The Australian share market has shrugged off some of its earlier losses but fears of a slowdown in China have continued to drag on the local bourse.
The benchmark S&P/ASX200 index was down 14 points, or 0.25 per cent, to 5619.4 at 1615 AEDT on Friday, following a morning that saw it lower by more than one per cent..
The broader All Ordinaries was down 17.6 points, or 0.31 per cent, to 5677.
With Thursday’s profit warning by Apple dominating market sentiment, “it’s very much a trading risk-off day,” said Julia Lee, a market analyst with Bell Direct.
Traders moved into higher-yielding defensive stocks such as utilities – up 1.9 per cent – and telecoms – up 0.38 per cent – and away from riskier plays, Lee said.
Information technology stocks slumped more than two per cent, with cloud logistics software company Wisetech Global down 4.24 per cent, to $16.47, and circuit board software company Altium Limited off 3.93 per cent, to $20.79.
Among telecoms, Telstra gained 1.4 per cents, to $2.89, and in the utility sector natural gas and electricity company APA Group was up 3.12 per cent, to $8.93.
A2 Milk Company, which has strong exposure to China through infant formula sales, fell 3.81 per cent, to $10.10.
Healius had another strong day, up 12 cents, or 4.56 per cent, to $2.75, after Thursday’s takeover news.
China’s Jangho Group has made a highly conditional offer of $3.25 a share for the medical centre and pathology group.
Discretionary consumer stocks were also again lower following Kathmandu’s warning on Thursday that its holiday sales had been lacklustre.
The dual-listed outdoor retailer was down 2.22 per cent to $2.20; while luxury bedding company Adairs was off 4 per cent, to $1.68; and furniture importer Nick Scali was off 2.81 per cent, to $4.85.
There were fears more profit warnings for the discretionary consumer sector were still to come, Lee said.
Wesfarmers had a better day, up 33 cents, or 1.04 per cent, to $23.08.
The gold miners were a bright spot with the precious metal price near a six-month high. Newcrest gaining 3.89 per cent to $23.53, Northern Star up 1.46 per cent to $9.71 and Evolution up 2.09 per cent to $3.90.
OceanaGold was down, however, off 14 cents, or 2.66 per cent, to $5.12.
It was a mixed day for the big banks.

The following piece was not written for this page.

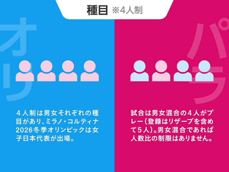 4人制は、パラリンピックでは男女混合(ミックス)で、オリンピックでは男女別でチームを組む。オリンピックの女子日本代表は、2018年平昌大会で銅メダルを獲得したこともあり人気が急上昇。2022年の北京大会でも銀メダルを獲得。今回のミラノ・コルティナ大会でも注目競技の一つだ。なお、男子とミックスダブルスは惜しくも出場権を逃している。

Westpac and Commonwealth were flat while NAB was up 0.21 per cent, to $23.98, and ANZ was down 0.37 per cent, to $24.25.
Among the airlines, Qantas shares were down 0.87 per cent to $5.69 and Virgin Australia flat at 19 cents.
Trading volume was still light, at around $3 billion, and probably won’t return to normal until the school holidays are over at the end of the month, Lee said.
The Australian dollar edged higher at 70.23 US cents, up 0.25 per cent after Thursday’s flash-crash.
ON THE ASX:
* The benchmark S&P/ASX200 index was down 14 points, or 0.25 per cent to 5619.4
* The All Ordinaries was down 17 points, or 0.31 per cent, to 5677.
* At 1415 AEDT, the SPI200 futures index was up 2 points, or 0.04 per cent, to 5564.
CURRENCY SNAPSHOT AT 1415 AEDT:
One Australian dollar buys:
* 70.23 US cents, from 70.05 on Thursday
* 76.10 Japanese yen, from 75.41
* 61.63 euro cents, from 61.48
* 55.57 British pence, from 55.44
* 1.05 NZ cents, unchanged from 1.05
The spot price of gold in Sydney at 1415 AEDT was $US1,294.32 per fine ounce, from $US1294.10 on Thursday.